● Work instructions
Exercise in exact copying: restate word for word only the lines below from the one containing "19 | 14 | 7 | 1 |" through the one containing "있다. <사진제공=대우조선해양> |", omitting any pictures.

● Extracted records

* * * * *

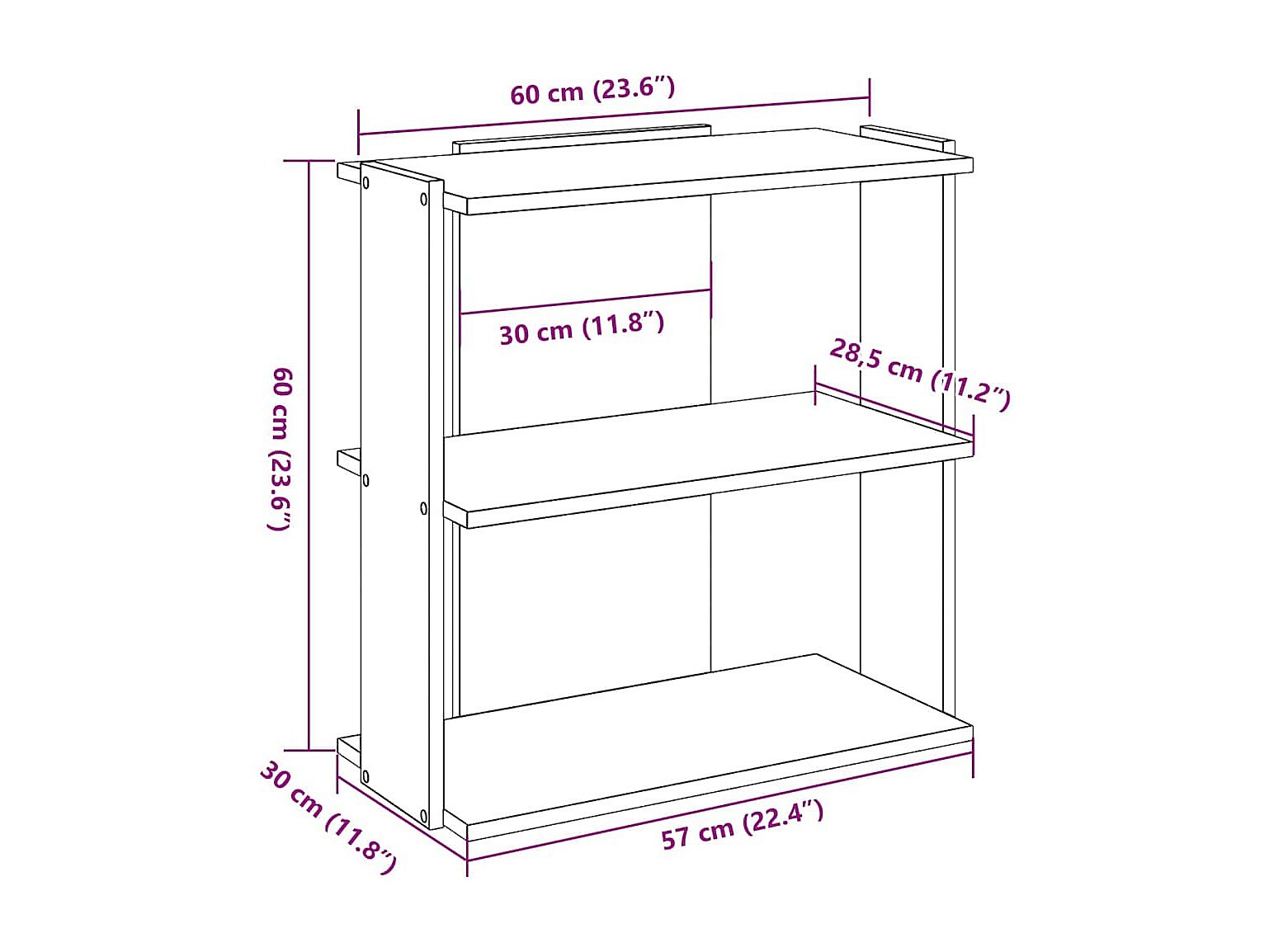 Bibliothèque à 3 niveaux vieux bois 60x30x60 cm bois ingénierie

* * * * *

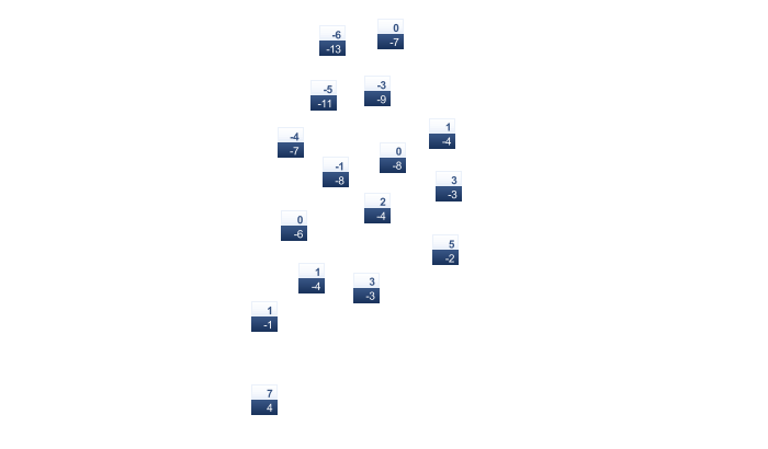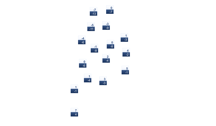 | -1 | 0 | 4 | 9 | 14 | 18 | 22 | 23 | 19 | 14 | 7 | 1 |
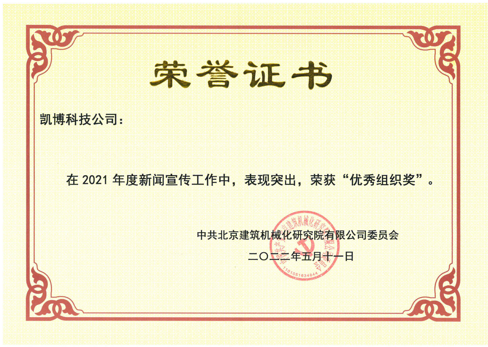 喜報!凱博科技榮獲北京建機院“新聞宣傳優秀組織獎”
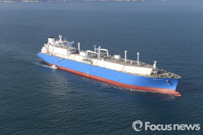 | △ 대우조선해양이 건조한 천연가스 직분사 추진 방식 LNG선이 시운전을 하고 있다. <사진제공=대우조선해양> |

* * * * *

● Solution for this problem
 | -1 | 0 | 4 | 9 | 14 | 18 | 22 | 23 | 19 | 14 | 7 | 1 |
 喜報!凱博科技榮獲北京建機院“新聞宣傳優秀組織獎”
 | △ 대우조선해양이 건조한 천연가스 직분사 추진 방식 LNG선이 시운전을 하고 있다. <사진제공=대우조선해양> |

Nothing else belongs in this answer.